Since we’ve shown that the number of PAs has shown some decrease, one might wonder how the number of pitches per game has changed. So I have graphed the average number of pitches in a nine-inning game below. Although this mean number of pitches was pretty level between the 2000 and 2015 seasons, it has grown steadily in the last four seasons.

### 7.5 Longer Time to Pitch?

Not only are we seeing more pitches per game, the time to throw these pitches is changing. Here’s how I measured the time to pitch. For a particular season, I fit a simple linear regression to the (Number of Pitches, Duration) data and the slope of this line is the estimate of the time to take an additional pitch. I plot these season regression slopes in the plot below. We see a increasing trend of this “mean time per pitch”, although this time measurement has appeared to stabilize in recent seasons.

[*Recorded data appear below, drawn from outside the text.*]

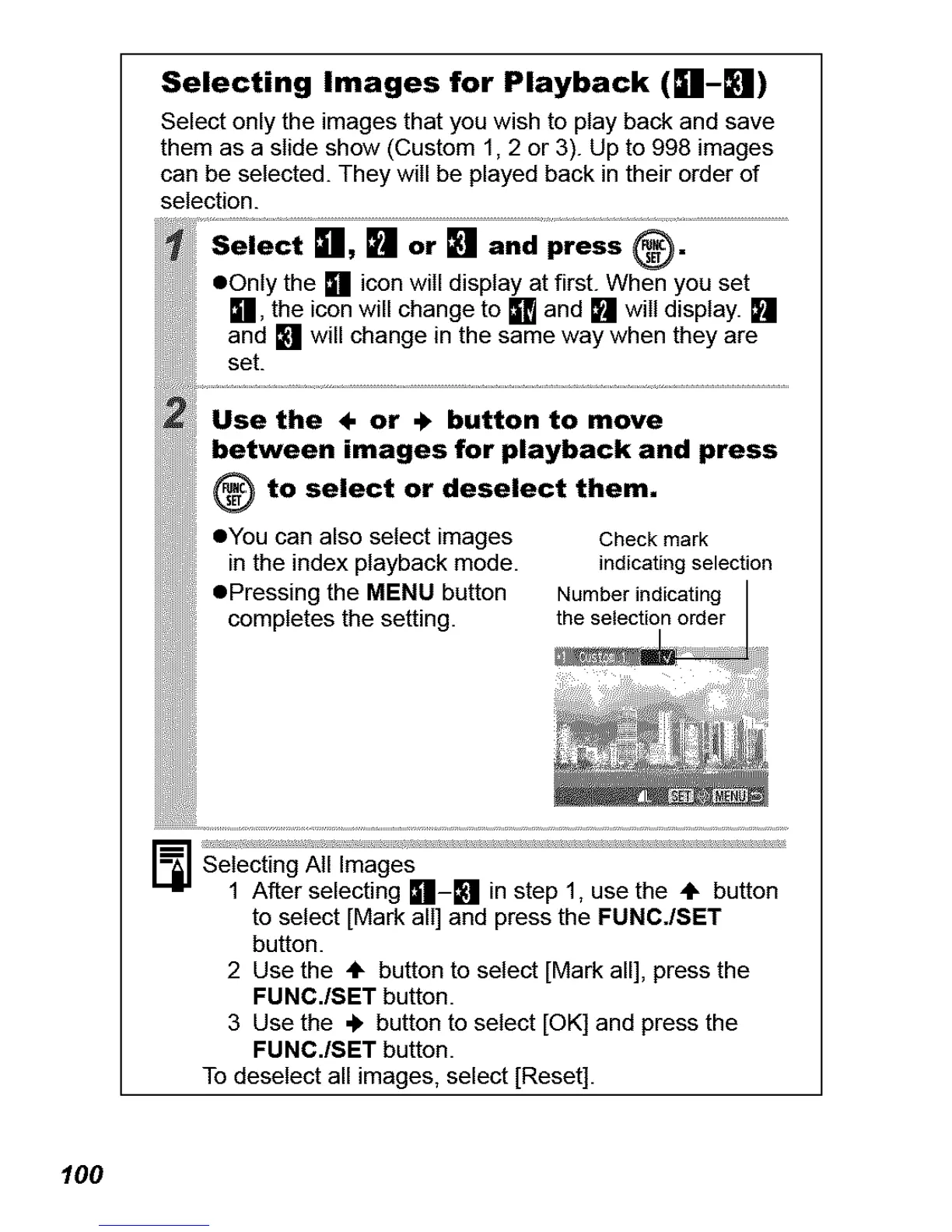 to select [Mark all] and press the FUNC./SET
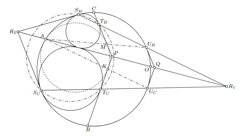 点$T_A$, $T_B$, $T_C$を上の解法と同様にとり、円$\Gamma$と円$\Omega_B$, $\Omega_C$との接点をそれぞれ$S_B$, $S_C$とする。円$\Gamma$と直線$AP$, $S_B T_B$, $S_C T_C$が再び交わる点をそれぞれ$O$, $U_B$, $U_C$とし、直線$AU_C$, $BP$の交点を$M$、直線$AU_B$, $CP$の交点を$N$とする。
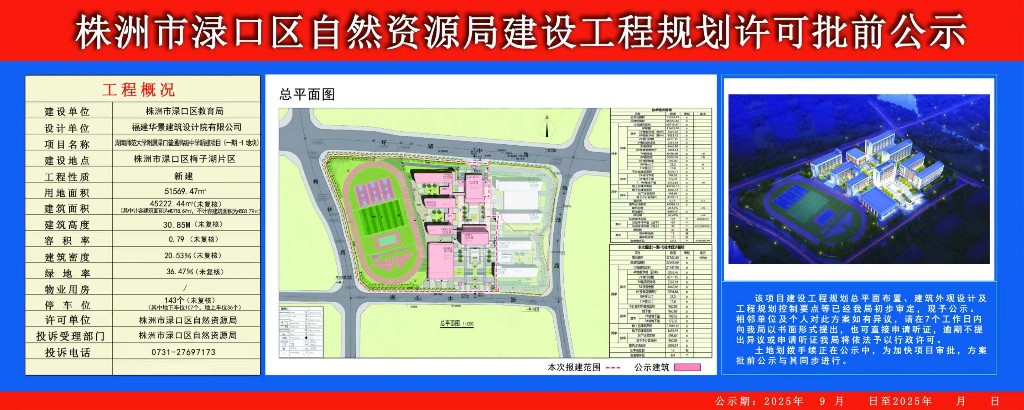 建设工程规划许可批前公示一湖南师范大学附属渌口普通高级中学新建项目(一期-1地块)
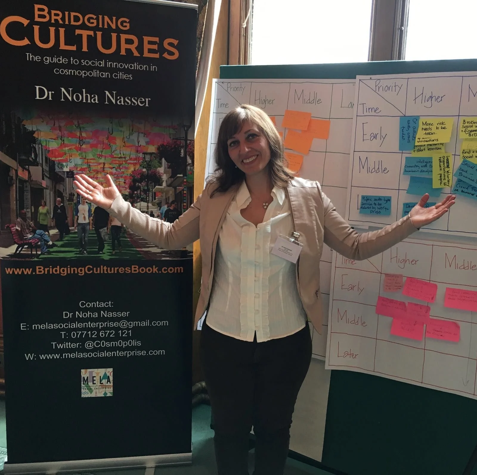 Dr. Noha Nasser celebrates the launch of Bridging Cultures — a visionary guide to social innovation in cosmopolitan cities based on her book and international roundtable discussions with City Councils, social entrepreneurs, and local communities.
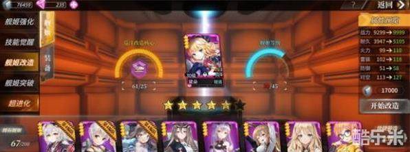 舰姬改造俗称升星改颜色,是提升舰姬战力的重要组成部分,舰姬改造需要到达对应的等级,改造需要消耗对应舰种的改造核心,改造星级越高消耗的核心数量越多,舰姬改造到金色可以解锁全部装备槽,是舰姬成长的一个巨大跨越点,所以我们要集中资源迅速将主力舰姬进行改造,以应对之后的推图和限时活动的挑战。
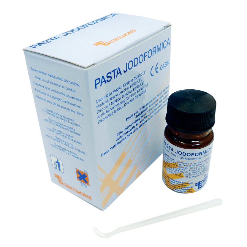 Pasta Iodoformica Antisettica, semiradiopaca per otturazioni canalari e nel trattamento di fistole e granulomi. Confezione: Flacone da 20 g con spatole applicatrici
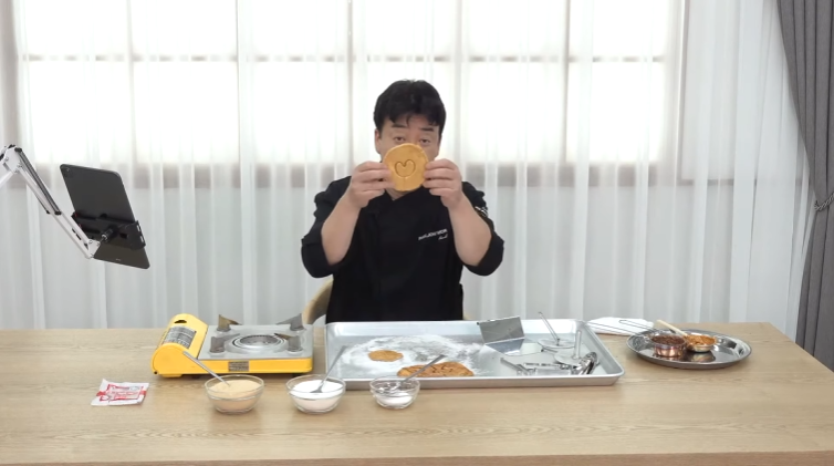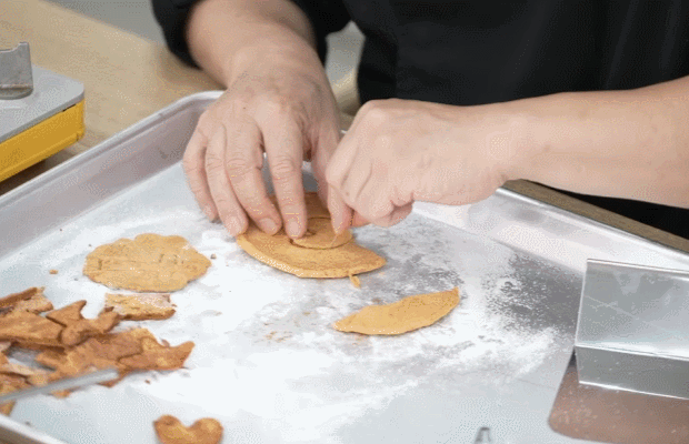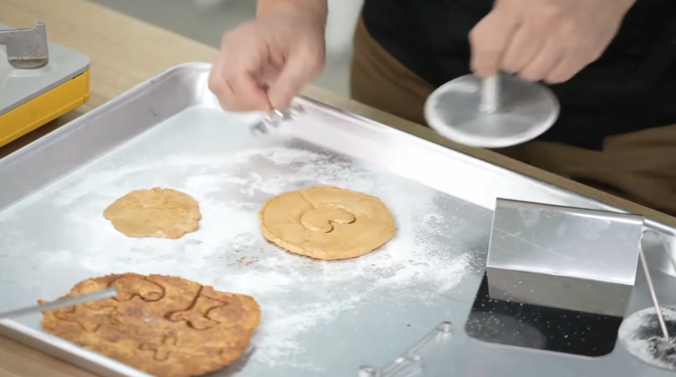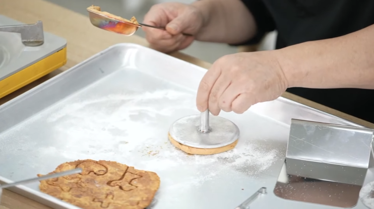 달고나가 식기 전에 모형틀로 무늬를 찍어준다.

### 7.6 What Have We Learned?

We suggested three reasons for the increasing game lengths – more plate appearances, longer plate appearances, and longer times to pitch. Our analysis is somewhat superficial since we are focusing only on changes in the mean values over seasons, but we can draw some conclusions. We don’t see an increase in the mean number of PAs. But plate appearances are clearly getting longer (more pitches per PA) and I wouldn’t be surprised if PAs continued to lengthen. Also, pitchers are taking longer, on average, to pitch, although the mean time to pitch appears to have stabilized in recent seasons.

Time to pitch actually is more complicated than my analysis suggests. When one dissects the time of a baseball game, we collect the time between pitches to the same batter, the time between pitches to successive batters, the time between innings, the time to make a pitching change, the time for a conference on the mound, the time for a challenge, etc. David Smith did an extensive analysis of the time between pitches for the 2018 season in the recent Baseball Research Journal. For example, he finds that the mean time to pitch is 23.8 seconds for pitches to the same batter and the average time for the 7th inning stretch was 3 minutes and six seconds. (Breaking this down further, 7th inning stretches with “Take Me Out to the Ballgame’ and”God Bless America” take, on average, 2:53 and 4:04.)

What can Major League Baseball do about this? Well, some factors such as the number of pitches per PA are outside of MLB’s control – the number of pitches relates to the batter’s plate discipline. MLB can regulate the time between pitches, but I don’t know if, say a 20-second rule, will impact the total length of the game very much. Baseball has made some recent changes such as the the intentional walk rule and the “must pitch to three batters” rule, but I am guessing that these particular rules will have minimal impact on the game length.

### 7.7 R Work

Data. All of this work was done using Retrosheet data. The Retrosheet game logs datasets were used to extract the time of game variable for all games in these 20 seasons. This information was merged with the number of pitches and number of plate appearances variables from the Retrosheet play-by-play datasets. You can use Statcast data if you are interested in exploring the times between pitches for individual games.

Code. My Github gist site provides all of the R code for this particular analysis.